WORK REQUIRED
Among the records that follow, find the line with "BIENIARZ Józef 1951" and the line with "Labupurple Face Embroidery File 6 sizes". Set down those lines and all lines between them exactly, without adding anything.

TASK INPUT

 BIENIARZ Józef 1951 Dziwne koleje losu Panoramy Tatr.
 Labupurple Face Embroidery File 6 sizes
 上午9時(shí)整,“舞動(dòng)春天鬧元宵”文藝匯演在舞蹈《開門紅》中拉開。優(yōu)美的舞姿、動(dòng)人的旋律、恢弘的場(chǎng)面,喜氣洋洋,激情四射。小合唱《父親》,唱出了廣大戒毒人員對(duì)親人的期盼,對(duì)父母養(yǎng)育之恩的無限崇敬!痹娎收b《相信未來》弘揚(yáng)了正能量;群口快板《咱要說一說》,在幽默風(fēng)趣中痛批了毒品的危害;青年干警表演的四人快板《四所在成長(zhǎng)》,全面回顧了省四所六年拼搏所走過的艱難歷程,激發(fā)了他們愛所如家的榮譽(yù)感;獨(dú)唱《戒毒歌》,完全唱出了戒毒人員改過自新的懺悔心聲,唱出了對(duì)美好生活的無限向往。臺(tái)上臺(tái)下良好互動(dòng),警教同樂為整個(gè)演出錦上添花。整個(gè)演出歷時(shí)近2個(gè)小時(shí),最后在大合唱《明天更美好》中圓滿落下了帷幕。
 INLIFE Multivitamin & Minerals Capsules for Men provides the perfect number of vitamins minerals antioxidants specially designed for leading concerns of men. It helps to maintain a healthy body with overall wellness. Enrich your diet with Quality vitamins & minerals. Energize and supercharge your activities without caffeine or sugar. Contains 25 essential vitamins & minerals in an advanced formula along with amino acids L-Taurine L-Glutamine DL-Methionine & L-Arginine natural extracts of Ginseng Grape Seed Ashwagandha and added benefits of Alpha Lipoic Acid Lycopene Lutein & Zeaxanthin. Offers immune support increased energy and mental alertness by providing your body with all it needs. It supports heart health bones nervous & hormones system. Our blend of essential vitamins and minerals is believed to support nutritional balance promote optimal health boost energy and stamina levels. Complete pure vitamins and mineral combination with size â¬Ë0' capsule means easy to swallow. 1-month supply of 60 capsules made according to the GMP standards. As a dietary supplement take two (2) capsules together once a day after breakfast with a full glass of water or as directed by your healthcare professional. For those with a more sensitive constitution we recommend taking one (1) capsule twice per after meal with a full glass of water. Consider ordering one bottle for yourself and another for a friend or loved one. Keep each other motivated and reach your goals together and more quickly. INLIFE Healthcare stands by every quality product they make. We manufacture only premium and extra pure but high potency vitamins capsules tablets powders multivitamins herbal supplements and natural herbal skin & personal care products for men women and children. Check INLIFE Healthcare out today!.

==

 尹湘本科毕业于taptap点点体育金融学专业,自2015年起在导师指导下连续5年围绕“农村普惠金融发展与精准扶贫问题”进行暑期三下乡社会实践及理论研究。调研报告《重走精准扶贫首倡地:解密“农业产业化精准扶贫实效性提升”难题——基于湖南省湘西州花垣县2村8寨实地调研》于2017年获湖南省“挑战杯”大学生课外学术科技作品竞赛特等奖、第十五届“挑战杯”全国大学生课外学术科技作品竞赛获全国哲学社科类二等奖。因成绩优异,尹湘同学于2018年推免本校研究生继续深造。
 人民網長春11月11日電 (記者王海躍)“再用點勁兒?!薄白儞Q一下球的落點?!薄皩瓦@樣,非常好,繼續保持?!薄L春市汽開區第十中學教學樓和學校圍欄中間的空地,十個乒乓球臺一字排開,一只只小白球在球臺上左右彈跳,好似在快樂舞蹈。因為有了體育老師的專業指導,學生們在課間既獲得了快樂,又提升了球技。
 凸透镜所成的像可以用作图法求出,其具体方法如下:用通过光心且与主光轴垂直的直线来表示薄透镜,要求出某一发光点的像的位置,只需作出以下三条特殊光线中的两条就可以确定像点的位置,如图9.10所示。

RESULT
 BIENIARZ Józef 1951 Dziwne koleje losu Panoramy Tatr.
 Labupurple Face Embroidery File 6 sizes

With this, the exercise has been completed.